Further, the specific method for extracting the matched text content according to the information type in S6 is as follows: when the matching type is general table extraction: matching the sorted text lines with template information by calculating a specific threshold, wherein the specific threshold is determined to be related to the number of the text lines, the matching is successful if the number of the text lines which are successfully matched is more than half of the total number, and a new list data is generated if the matching is successful;

s631, reading the sorted text lines in sequence, adding marks to the tail and the continuation page text lines of each page, and converting the positions of the continuation page text lines, namely, calculating the distance between the horizontal position and the vertical position of the continuation page text line and the last tail text line, and adding the distance to the position of the continuation page text line to ensure that all the text lines are read from top to bottom, the content cannot be lost or repeated, and the calculation of the later position is facilitated;

s632, the size and the position of each cell in the credit investigation report are fixed, after the template matching is successful, in order to calculate the left and right boundaries of the field region needing to be extracted, the left and right boundary distance is obtained by multiplying the number of the left and right cells configured in the template information by the height of the single character matched to the text line, namely the distance is subtracted from the left position of the current line region to obtain the left boundary, and the distance is added from the right position of the current text line region to obtain the right boundary; obtaining all result values of the table area by continuously judging whether the next text row is the result value, namely if the next text row is the result value, storing the data of the row where the result value is located until the template matching is successful again, and then extracting the number and the position of the main columns according to whether the keywords set in the template information are the main column attributes;

s633, dividing the rows by using the extracted main column number and position to obtain the upper and lower boundaries of each row result value, extracting by using the left and right boundaries calculated by each keyword, and finally obtaining the result value corresponding to each keyword by using the position of a frame line if the frame line is detected in the area;

s634, the extraction result is stored in the line data by the minimum identification unit, after the matching extraction of the current text line is completed, if the previous text line is empty, the current text line data is inserted into the result of the previous text line, otherwise, a line of data needs to be added, the line data is stored in the list data, and then the matching extraction of the next text line is performed.
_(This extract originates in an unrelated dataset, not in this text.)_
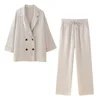 European and American Style 2024 Spring and Summer New Women’s Clothing Wrinkle Effect Double Breasted Suit Jacket Pants Set

Further, the specific method for extracting the text content of which the matching type is the extraction of the payment record in S6 is as follows: : matching the sorted text lines with template information by calculating a specific threshold, wherein the specific threshold is determined to be related to the number of the text lines, the matching is successful if the number of the text lines which are successfully matched is more than half of the total number, and a new list data is generated if the matching is successful; wherein the repayment record extraction is a table structure meeting upper and lower keywords and result values, when the repayment record extraction is carried out, the repayment record extraction comprises left year data, repayment record data distributed in an upper column and a lower column and money amount data,

s641, sequentially reading the sorted text lines, adding marks to the tail text line and the continuous page text line of each page, and converting the positions of the continuous page text lines, namely, reading all the text lines from top to bottom by calculating the distance between the horizontal position and the vertical position of the continuous page text line and the last tail text line and adding the distance to the position of the continuous page text line, wherein the content cannot be lost or repeated, and the subsequent position calculation is facilitated;

s642, finding the right boundary position of the year data by calculating the position of the first keyword, calculating to obtain a candidate item of the year by using the right boundary position, and filtering by the attribute of the year to obtain the positions and the number of all the years;

s643, calculating upper and lower boundaries of repayment record data and money amount data by using position information between years and keywords, calculating left and right boundaries of the repayment record data and the money amount data by using the position information between the keywords, and judging a boundary of a current text line region by combining the position of frame line information if the frame line information is detected in a current region; obtaining candidate items of the repayment record data and the amount data through the position information, and filtering by using attributes of the repayment record data and the amount data to obtain the repayment record data and the amount data corresponding to each keyword and the year data;

s644, storing the extraction result into line data by a minimum identification unit, after matching extraction of the current text line is completed, if the previous text line is empty, inserting the current text line data into the result of the previous text line, otherwise, adding a new line of data, storing the line data into list data, and then performing matching extraction of the next text line.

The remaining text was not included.